* What to work on
After removing every image, reproduce the data exactly as it appears.

* Data extract
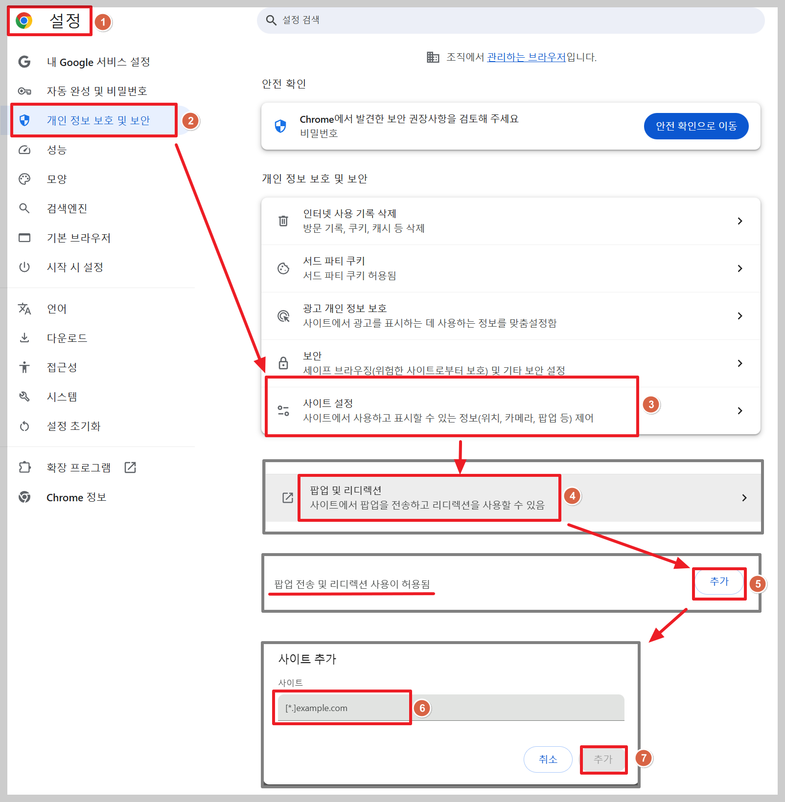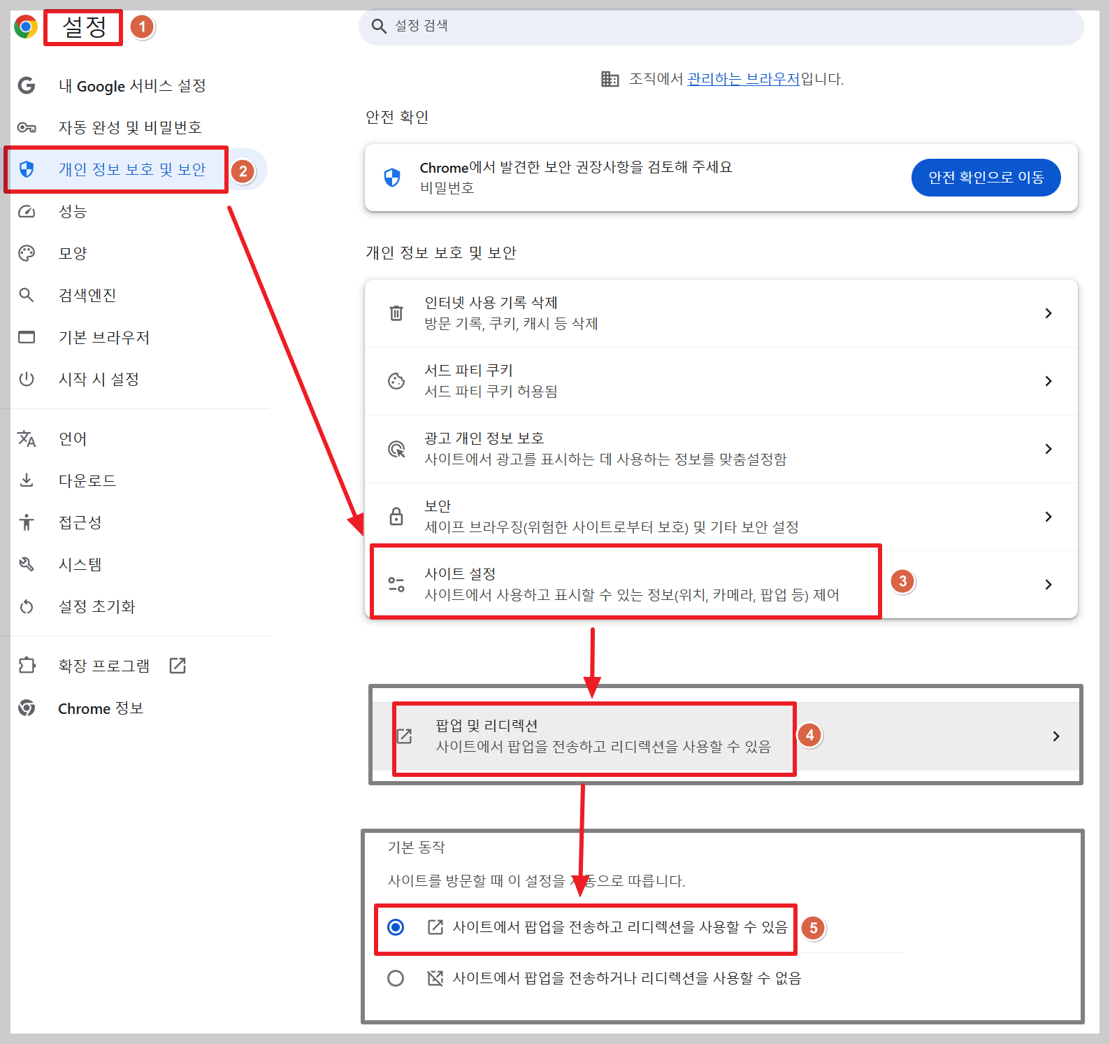 Chrome 설정 → 개인정보 및 보안 → 사이트 설정 → 팝업 및 리디렉션
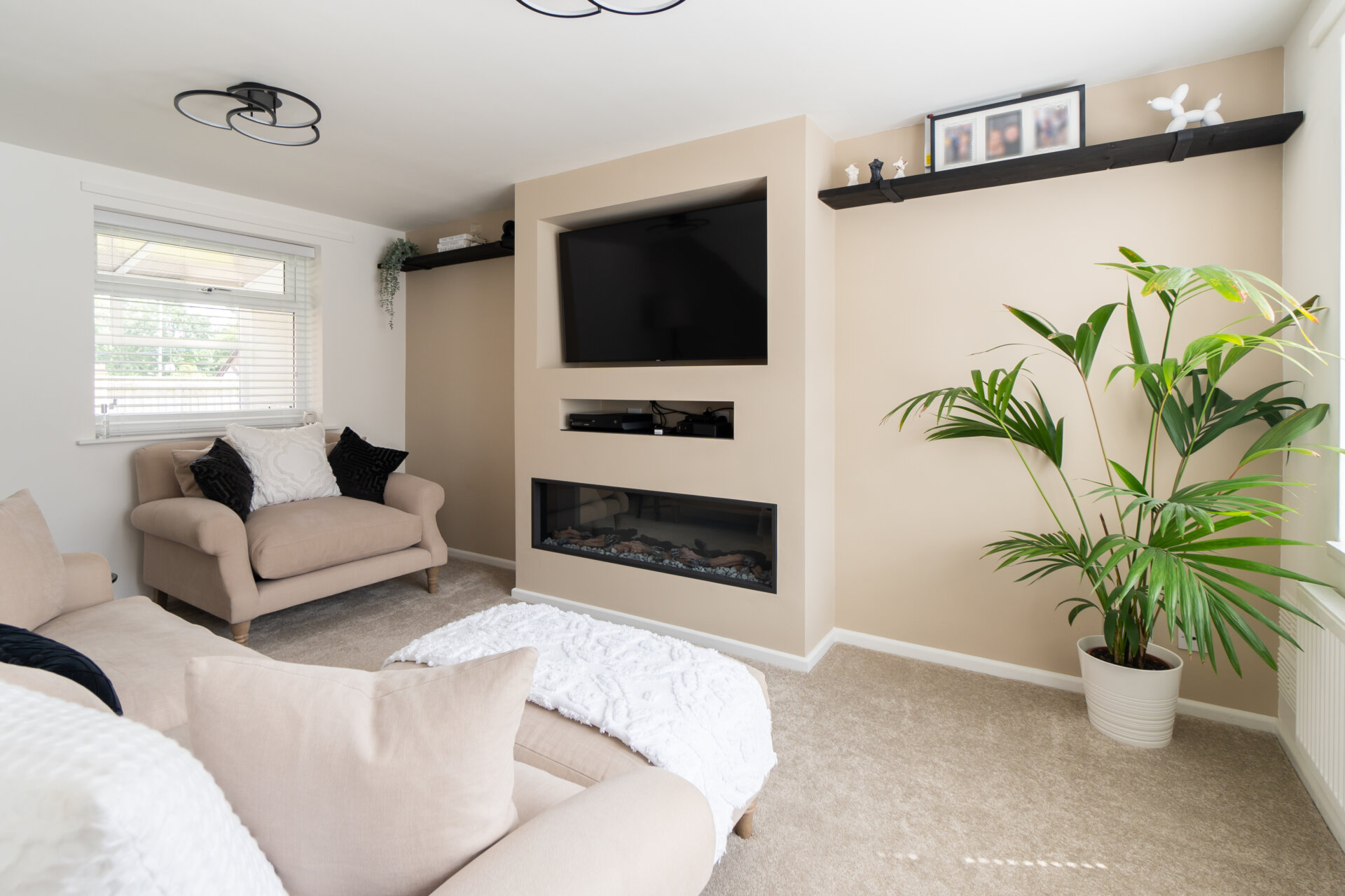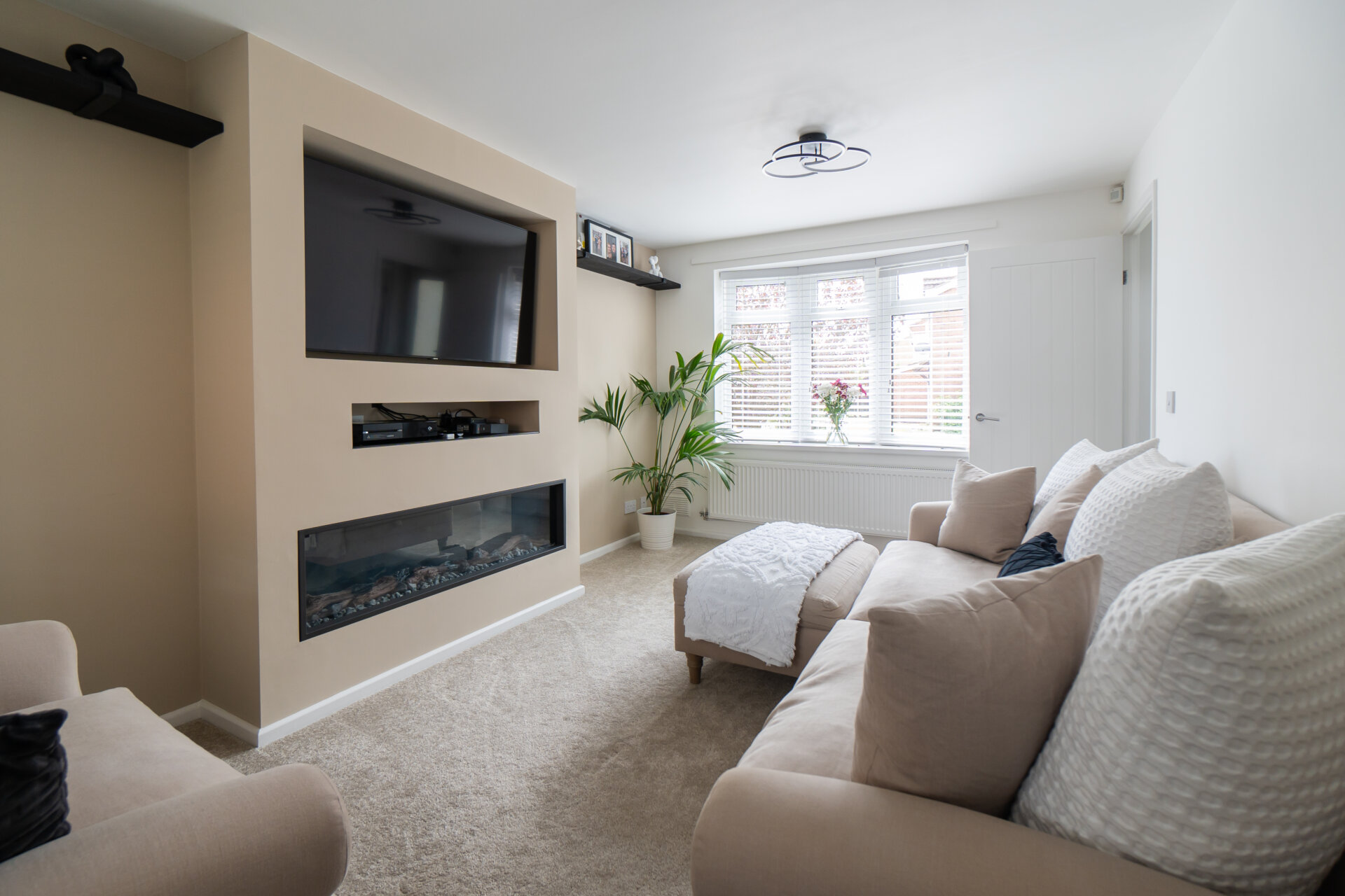 Media wall with electric fire, x2 radiators, UPVC double glazed window to the front and rear elevation
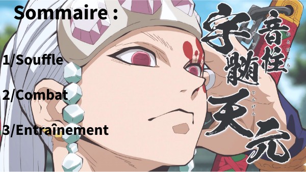 Le souffle du son est un dérivé du souffle de la foudre. Le souffle du son utilise une stratégie de combat propre à ce souffle "Score" consistant à analyser et décortiquer les mouvements de son adversaire en analysant le rythme de leur mouvement pour pouvoir trouver l'ouverture et l'exploiter. Les utilisateurs du souffle du son utilisent des doubles lames reliées avec une chaîne, ils se servent aussi de bombes anti-démon créé avec une poudre à canon spéciale. Il n'utilise pas que des bombes explosives, mais aussi des bombes fumigènes. Le souffle du son a été inventé par un Shinobi (Ninja) voilà pourquoi nous utilisons des objets propres au Ninja.
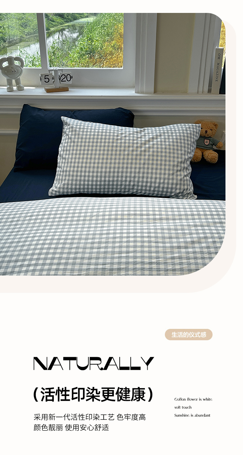 (总)欣晴家纺 2025新款软糯水洗棉条格无印宜家风混搭三件套四件套(风格2)

* Response to this task
 Chrome 설정 → 개인정보 및 보안 → 사이트 설정 → 팝업 및 리디렉션
 Media wall with electric fire, x2 radiators, UPVC double glazed window to the front and rear elevation
 Le souffle du son est un dérivé du souffle de la foudre. Le souffle du son utilise une stratégie de combat propre à ce souffle "Score" consistant à analyser et décortiquer les mouvements de son adversaire en analysant le rythme de leur mouvement pour pouvoir trouver l'ouverture et l'exploiter. Les utilisateurs du souffle du son utilisent des doubles lames reliées avec une chaîne, ils se servent aussi de bombes anti-démon créé avec une poudre à canon spéciale. Il n'utilise pas que des bombes explosives, mais aussi des bombes fumigènes. Le souffle du son a été inventé par un Shinobi (Ninja) voilà pourquoi nous utilisons des objets propres au Ninja.
 (总)欣晴家纺 2025新款软糯水洗棉条格无印宜家风混搭三件套四件套(风格2)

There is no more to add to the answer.